Who has the toughest job in today’s radio station?
Of course, this assumes that one person is actually only doing one job. These days, that’s not a real perceptive conclusion. Most owners have taken multitasking seriously, and consequently, many radio station employees are wearing multiple hats.
But just looking at my question, title by title, which conventional radio job is most challenging in 2023?
OK, no surprise given who’s writing this post, but I have to conclude it’s the program director. In many ways, the role has changed a great deal over the years. And in others, it’s the same job it’s always been – just exponentially more complicated and multi-layered.
Back in the day, programmers were radio gods – some of the biggest names in the business, right up there with the morning man (and it was almost always a man or two men.). PDs like Scott Shannon, Oedipus, Larry Berger, Steve Rivers, John Gehron, and so many others, were the toast of radio. The really good ones moved up the market ranks from small to medium to major, commanding more and more money – and respect.
While some may have had the benefit of research or a consultant, they mostly ran their own starships, as my friend Tom Bender called radio stations in the 70s and 80s. They were the ones tasked with the station’s vision and execution. The sales department deferred to these influential programmers, and even general managers offered up their opinion and then let the PD make the call.
It was an uncomplicated job in many ways. Pretty much the only content that got created revolved around the over the air product – music, jingles, production, contests, and events. And in the top 25 markets at minimum, there were assistants, music directors, and promotions and marketing people to contribute to these creative tasks. The PD, however, was the boss of the airstaff – the style and execution of the format, airchecks, and even the look of the team.
It was all about what went out over the airwaves. There were no secondary platforms. All that mattered was what came out of the radio speakers.
The buck stopped with the PD – and rightfully so. He was generally in control of the product. And when “the book” came out, there was only one person to congratulate or interrogate. Programmers owned their ratings, good, bad, or otherwise.
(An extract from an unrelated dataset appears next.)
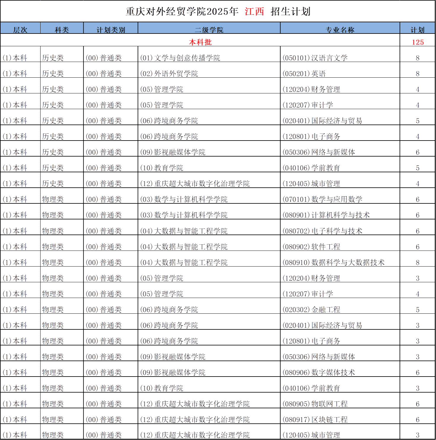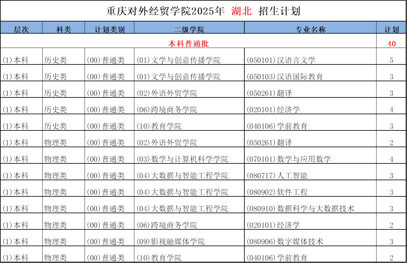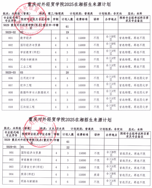 重庆对外经贸学院2025年湖南-湖北-江西招生计划

My, how that role has changed. Who actually occupies the PD’s chair is pretty much the same today as it was back then. Only about 11% of radio programmers are women. And while, there’s been some growth, it’s been incremental.
As I’ve discussed here before – and at Morning Show Boot Camp when presenting our AQ studies comprised of air talent – women in radio have a much tougher climb. Given that PDs often start their careers on the air, fewer women in the air studios makes fewer female PDs a self-fulfilling prophesy.
No matter the gender, the PD role has become so much more difficult. That’s because there are so many other content centers than the content on the airwaves. I made up the graphic below that illustrates many of the other content areas that contain the call letters and/or the brand. While many programmers may not have the time to play watchdog over content on these various channels, it is all content consumers experience – for better or for worse.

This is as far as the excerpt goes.